I’ve never actually been to Knoxville, or to Vancouver, WA, but I have been to the other three cities, and I can tell you beyond a shadow of a doubt that romance purchases aside, all of them are insanely sad. Orlando, FL really takes the cake—it’s a nightmare of traffic, fast food, and Disney. I once gave in and went to a McDonald’s in Orlando, for lack of any other option, and watched as a furious woman who had not received the correct soft drink threatened to kill the workers at the drive-thru.

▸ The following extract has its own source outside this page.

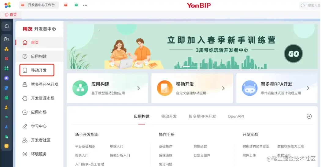 页面访问路径: 登录用友开发者中心网站:developer.yonyou.com - 点击左侧菜单栏中的「移动开发」(或 点击左上角「大风车」图标,选择 云平台-低代码开发平台-移动APP开发)

Miami is horrible in its own way—just like New Orleans, but without the culture or history, and gaudy in a way that New Orleans will never be, and also a monotonous suburban nightmare built up into a city that is exactly the opposite of New Orleans. And Alexandria, VA is mostly notable for the misery of its residents, who spend roughly 74 percent of their lives slamming their fists against their steering wheels in bumper-to-bumper traffic on the Beltway. Outside of I-95, though…well, it’s totally charmless.

What I’m saying is that my anecdotal experience backs up the Sadness Factor, which makes my twist on Amazon’s data more valid than their own.

The rest of the top 20:

6. Cincinnati, OH—Somehow, worse than Cleveland.
7. Dayton, OH—Somehow, worse than Cincinnati.
8. Columbia, SC—Personal confirmation: Awful.
9. Round Rock, TX—Named after the most interesting thing in town.

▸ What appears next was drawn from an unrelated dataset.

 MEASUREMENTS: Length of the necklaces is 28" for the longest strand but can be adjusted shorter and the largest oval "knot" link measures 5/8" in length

10. Murfreesboro, TN—I tricked Paste’s Dacey Orr, who has a Tennesee background, into giving me her thoughts on Murfreesboro, but she was annoyingly positive: “I have a ton of friends who grew up there and they are all great people with normal lives.” I was stumped, but then I remembered: SHE WENT TO COLLEGE IN KNOXVILLE! OF COURSE MURFREESBORO WOULD BE AWESOME TO HER!

11. Las Vegas, NV—Hasn’t been cool since Hunter S. Thompson left.
12. Pittsburgh, PA—Essentially a city-sized abandoned steel mill.
13. Everett, WA—Probably rains all the time.
14. Broken Arrow, OK—Any city with “Broken” in the name is default sad.
15. Springfield, MO—Practically Arkansas.
16. Salem, OR—Not even the cool “witch trial” Salem. Also, rain.
17. Billings, MT—There’s no speed limit here because everyone wants to die.
18. Wilmington, NC—Has a beach, but way too close to Charlotte.
19. Gainesville, FL—All the bad parts of southern Florida, plus a swamp.
20. Erie, PA—They named their city after the feeling of being creeped out.

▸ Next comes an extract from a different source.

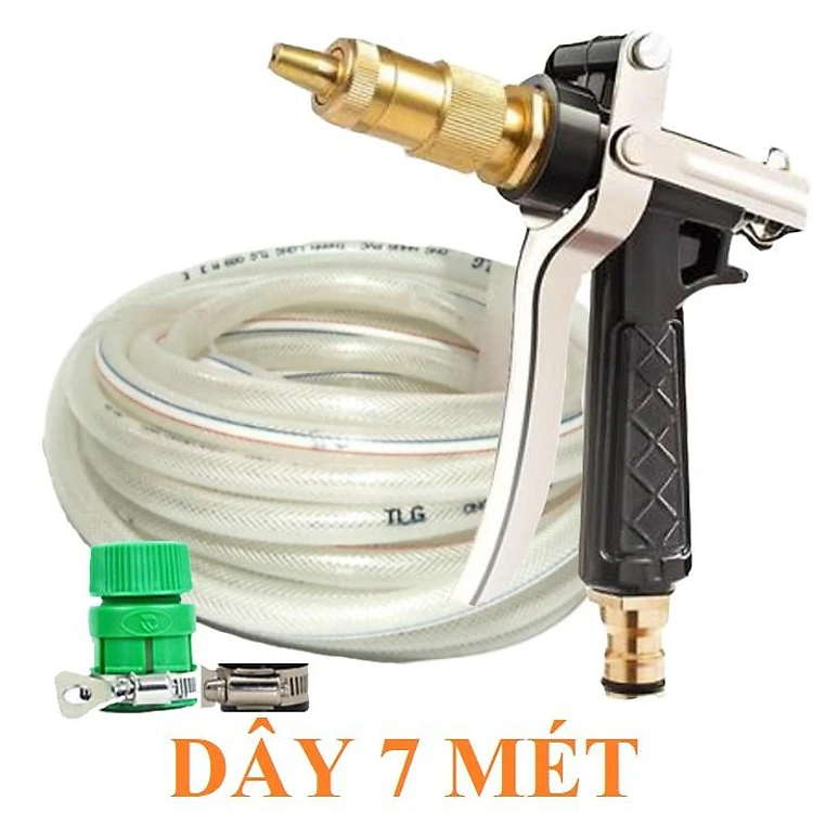 Bộ dây vòi xịt nước rửa xe, tưới cây .tăng áp 3 lần,loại 7m,10m 206236 đầu đồng,đai,nối nhựa v+tặng túi đựng bút

Notice which cities you don’t see on here: New York, Boston, Philadelphia, Madison, Richmond, Savannah, Charleston, Atlanta, New Orleans, Memphis, Nashville, Austin, San Diego, Los Angeles, San Francisco, Portland, or Chicago. In other words, any city anyone would describe as “cool,” where the people are happy. And aside from Knoxville and Gainesville, you also don’t see any big college towns, which I attribute to the fact that students still have too much hope to completely give up on life and buy romance novels.

On the other hand, congratulations to San Antonio, Seattle, Spokane, San Jose, and Sioux City, all of whom fell off the list this year and are presumably way happier now.